New Graphene Innovation centre opens
A £60 million world-class centre dedicated to researching graphene was opened by His Royal Highness The Duke of York on 10 December, after receiving funding from UK Research and Innovation (UKRI).
The GEIC will have top of the range equipment and facilities to accelerate bringing graphene to market. Image courtesy University of Manchester
The Graphene Engineering Innovation Centre (GEIC) at the University of Manchester will accelerate the commercial impact of the new material and help realise its potential to revolutionise many sectors.
The centre received £15 million funding through UKRI’s Research England UK Research Partnership Investment Fund (UKRPIF) in 2014, and £5 million from UKRI’s Innovate UK.
Research England’s Executive Chair, David Sweeney, said:
“The Graphene Engineering Innovation Centre exemplifies our objectives for UKRPIF. Thanks to commitment from other private and public partners, the facility will help the university develop its capacity to undertake world-leading graphene research, build on its already impressive range of real-world applications, strengthen ties with industrial and academic partner organisations, and help leverage considerable investment in UK research and development. The UKRPIF is a key contributor to the government’s commitment to see research and innovation investment rise to 2.4% of GDP, and the centre is an excellent example of international partnership and investment that UKRPIF supports and leverages.”

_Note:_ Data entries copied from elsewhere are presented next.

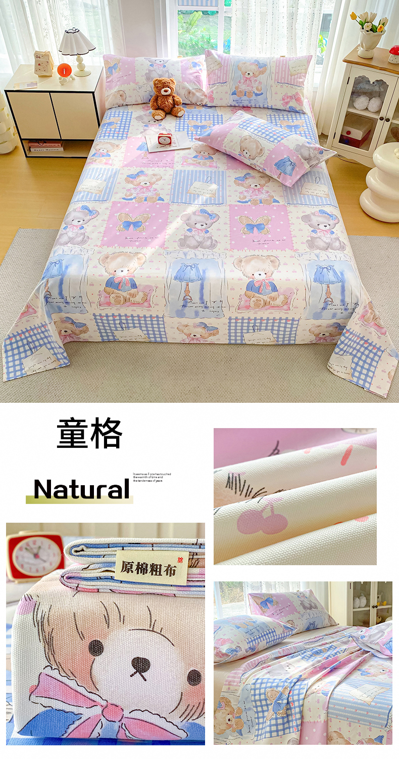 (总)棉乐町家居 2026新款原棉标印花老粗布床单,lucky兔,艾米,傍晚,波西米亚,彩蝶,初见,淡雅,风雅,格子樱桃,花朵熊,花间,花颜,欢乐,灰格,简尚,简兮蓝,可爱熊猫,蓝格,蓝色恋格,蓝心,冷灰,梦幻小鹿,嫩绿,偶遇,浅灰,热恋,条纹小熊,温馨,兮心,小时光,樱花粉,紫罗兰
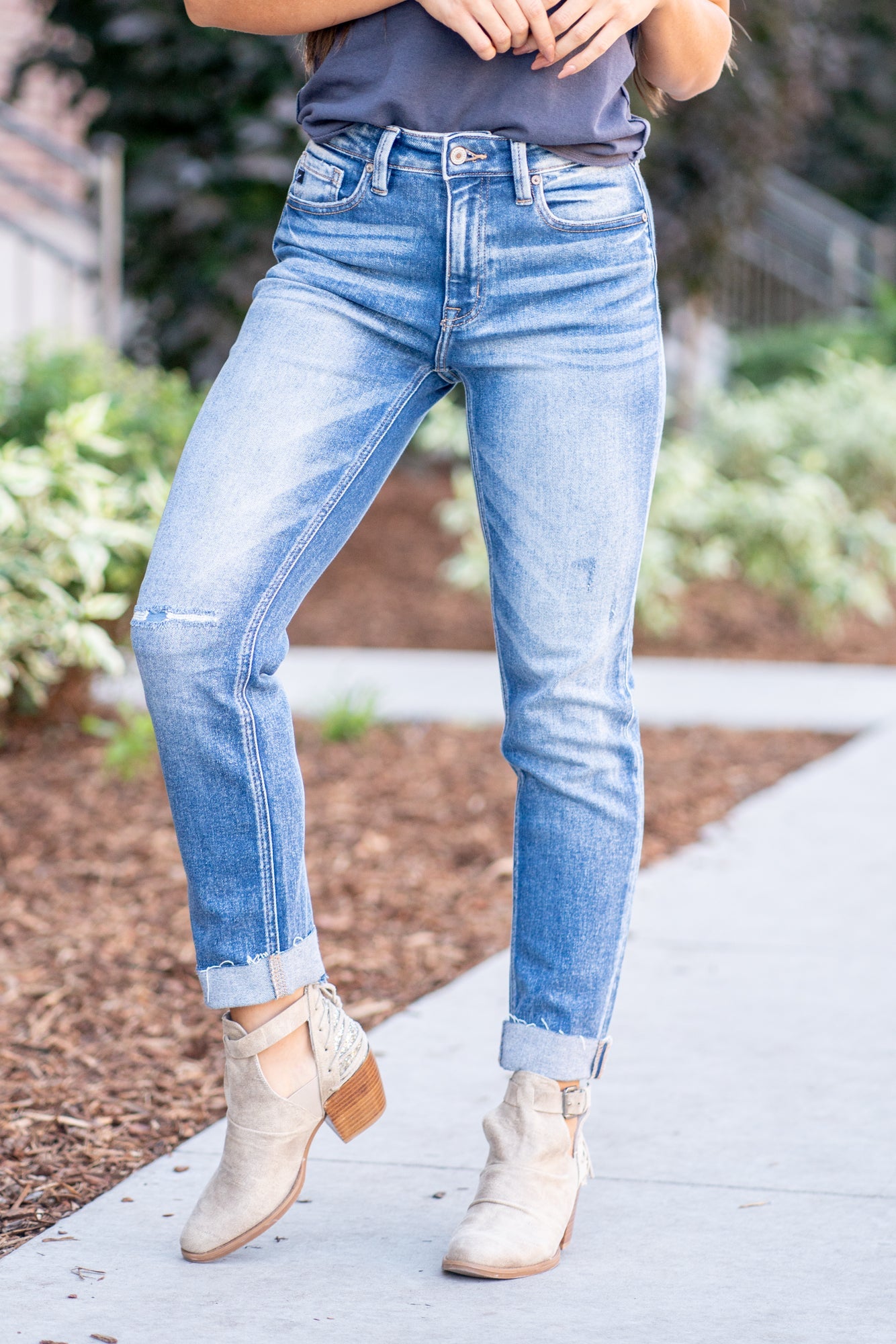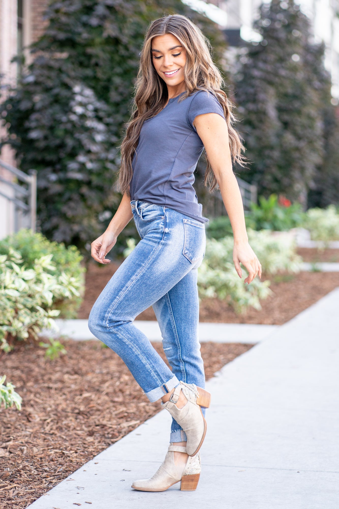 These high-rise slim straight jeans hit at exactly the right spot on your waist and with some spandex, these will stretch as you wear and get super comfy!
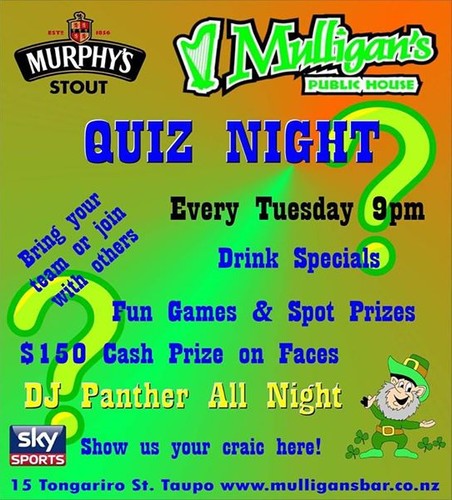 Mulligan's World Famous Quiz NightIf you are in Taupo on Tuesday - Do not miss this! The World famous Mulligan's Quiz Night in Taupo. Lots of fun. - Pub Quiz - Test you knowledge. - Fun games - Dance on the floor with DJ after quiz. - Food & ...
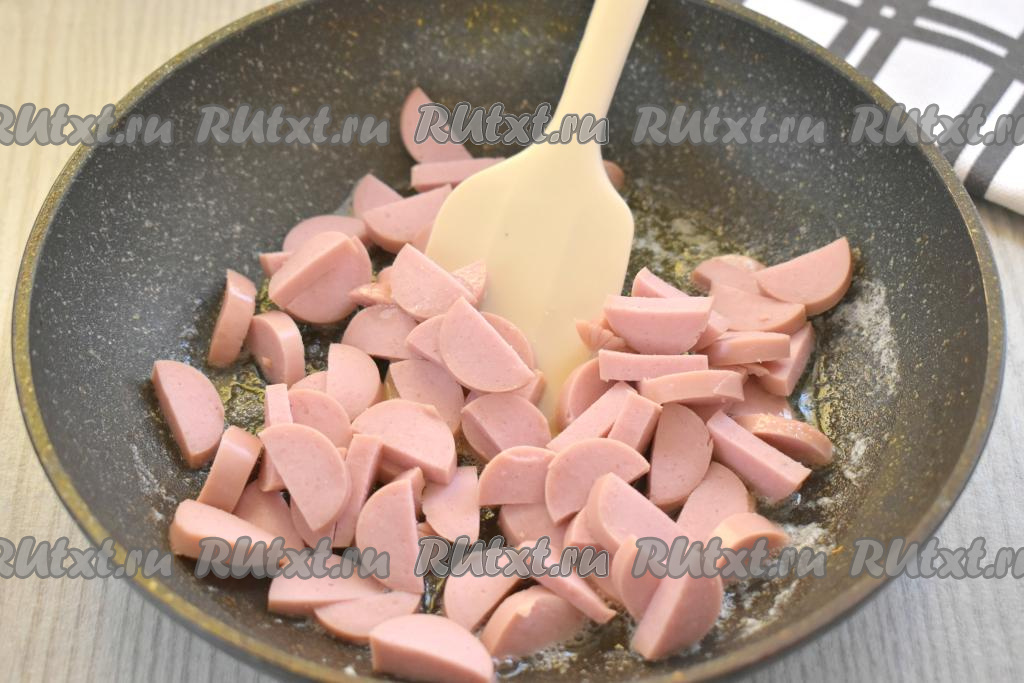 Пока варятся макароны, очищаем сосиски от оболочки, нарезаем на нетолстые полукружочки. Растапливаем в сковороде сливочное масло, затем выкладываем нарезанные сосиски и обжариваем их до румяной корочки со всех сторон на среднем огне, периодически перемешивая.
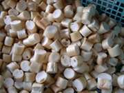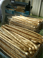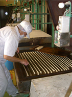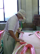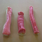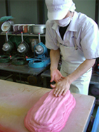 左:生の生地中:下ゆでしたもの右:型に入れて本ゆでしたもの
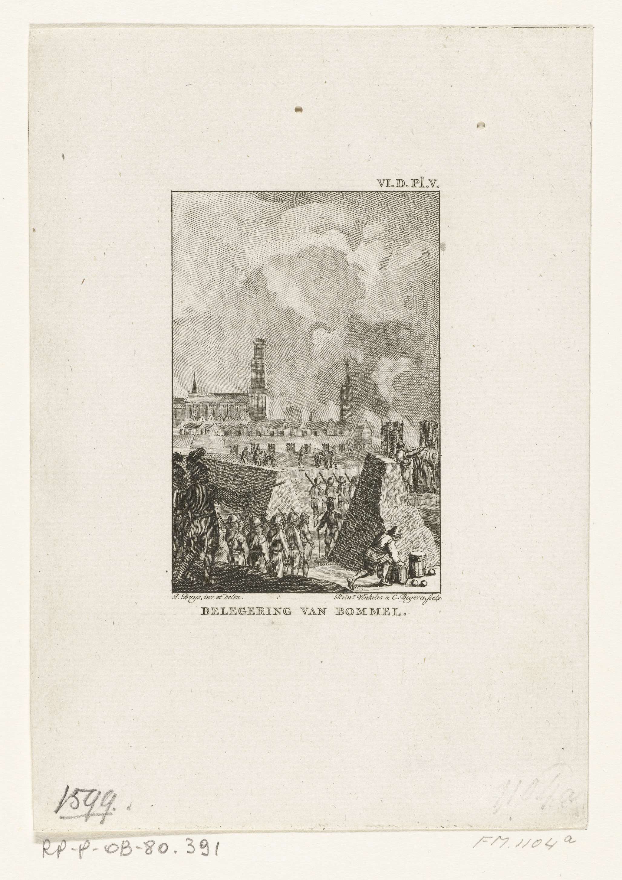 De belegering van de stad Zaltbommel door het Spaanse leger onder Mendoza en verdedigd door het Staatse leger onder Maurits, mei-juni 1599. Gezien vanuit de stellingen van de belegeraars.
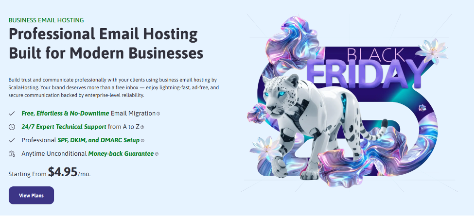 ScalaHosting offers web-based email hosting as part of its cloud and VPS plans. It helps businesses get fast email performance without relying on big tech companies. The service gives you full control over your inboxes and keeps everything secure on private servers. With ScalaHosting, Emails load fast because it uses high-performance servers with strong uptime.
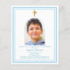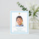 A white background, decorated with a sky blue frame, and a white cross Personalise and add a photo name and details. Blue text. Arch shaped photo frame.
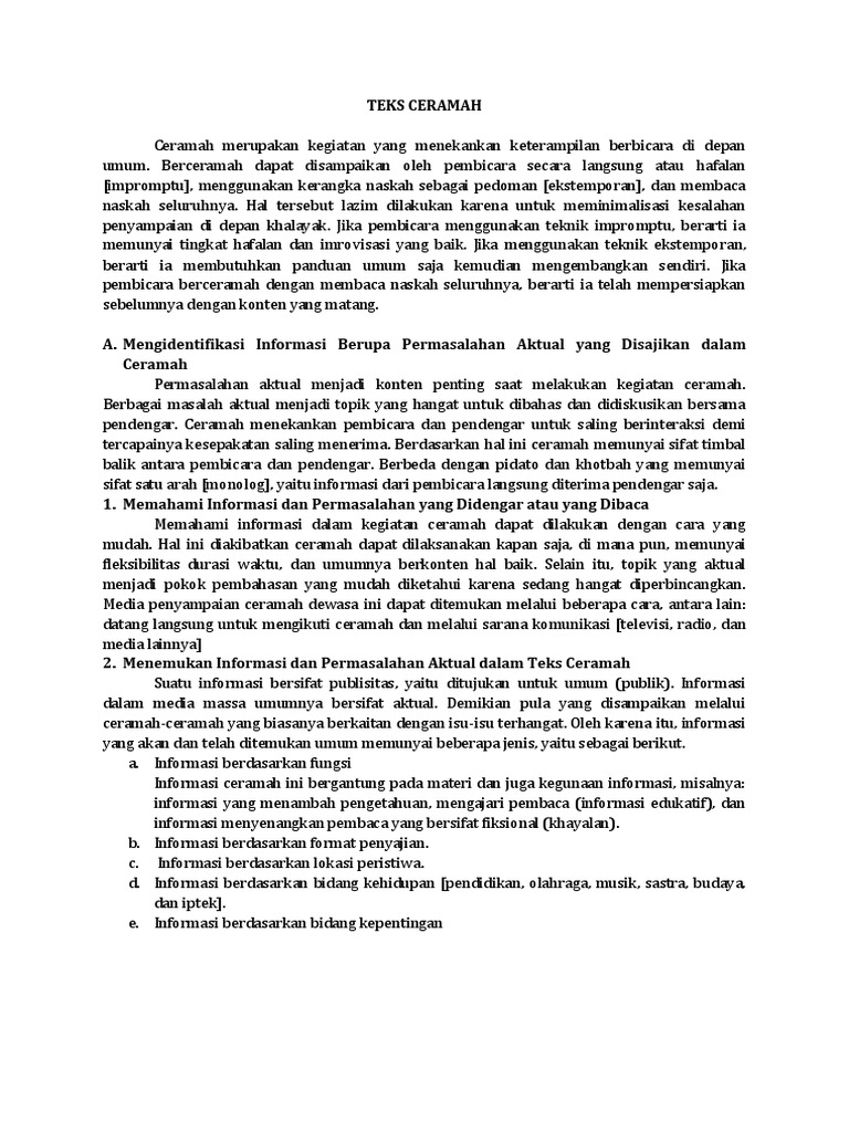 Contoh Teks Ceramah Singkat Bahasa Indonesia Kelas 11 - Berbagai …
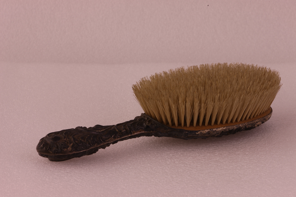 手刷呈椭圆形,背部及手柄银制,饰镀金茛苕叶纹。
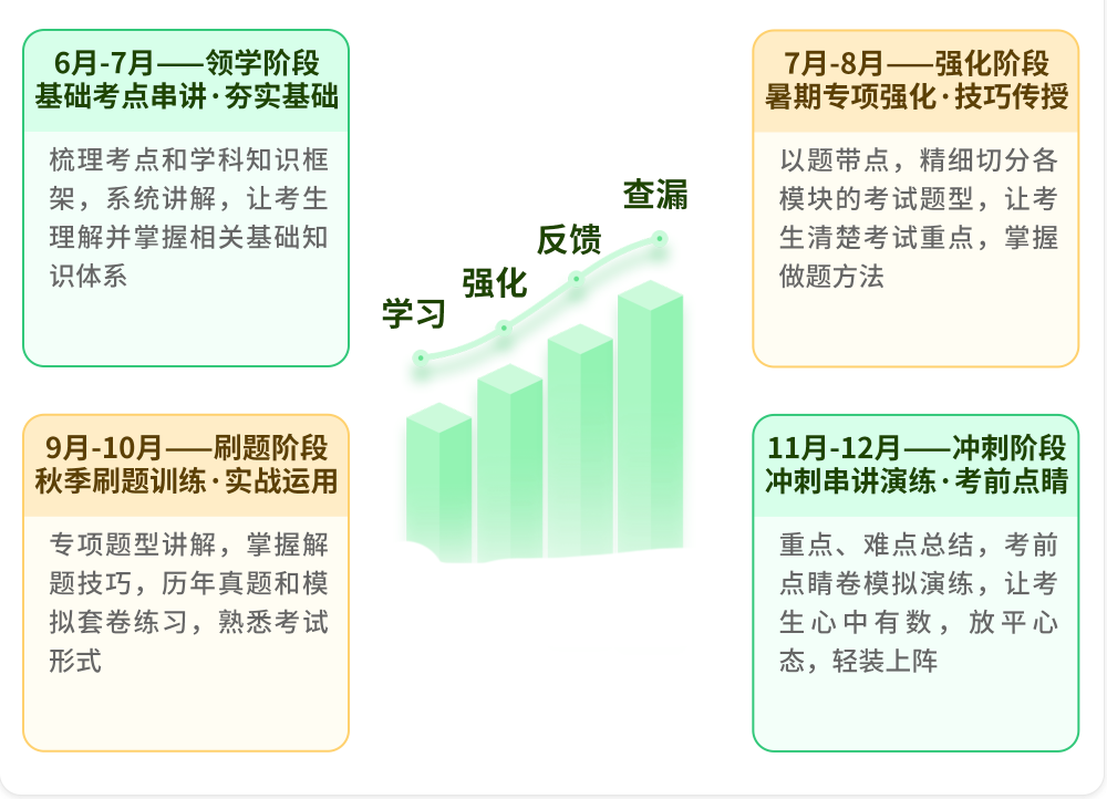 定制个性化半年备考复 习计划,明确重点,全 身心投入复习
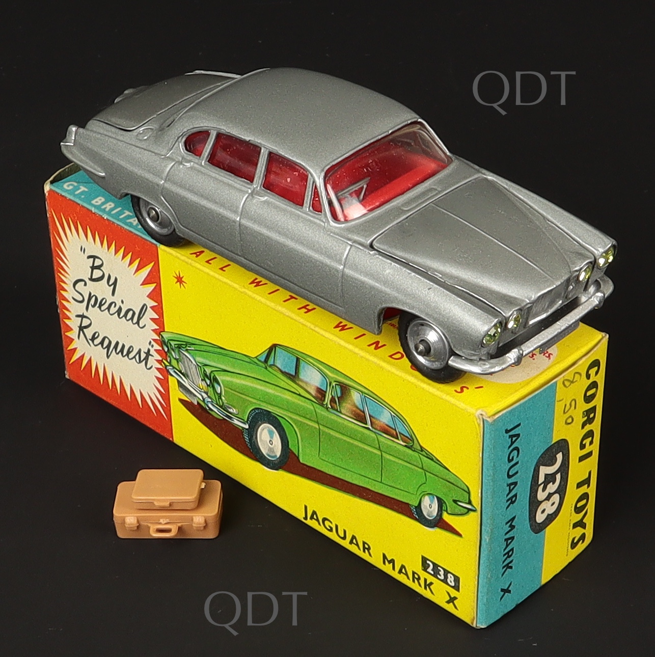 Jaguar Mark X by Corgi Toys, No. 238. Scarce colour (silver). Very near mint/boxed, with both original suitcases. From The Berlin Collection.

Other partners include Masdar, a renewable energy company; the European Union; and the Greater Manchester Combined Authority.
As well as academic and technical staff, the GEIC aims to engage with a large number of engineers and innovative SMEs, and has already announced new partners for the initiative.
HRH toured the new state-of-the-art facility and met with leading academics and the university’s graphene industry partners and entrepreneurs.
HRH The Duke of York opens the new centre
The GEIC complements the National Graphene Institute’s (NGI) international research focus by concentrating on multi-faceted industry-led applications development. The key areas within the new building include; pilot productions, characterisation and material development.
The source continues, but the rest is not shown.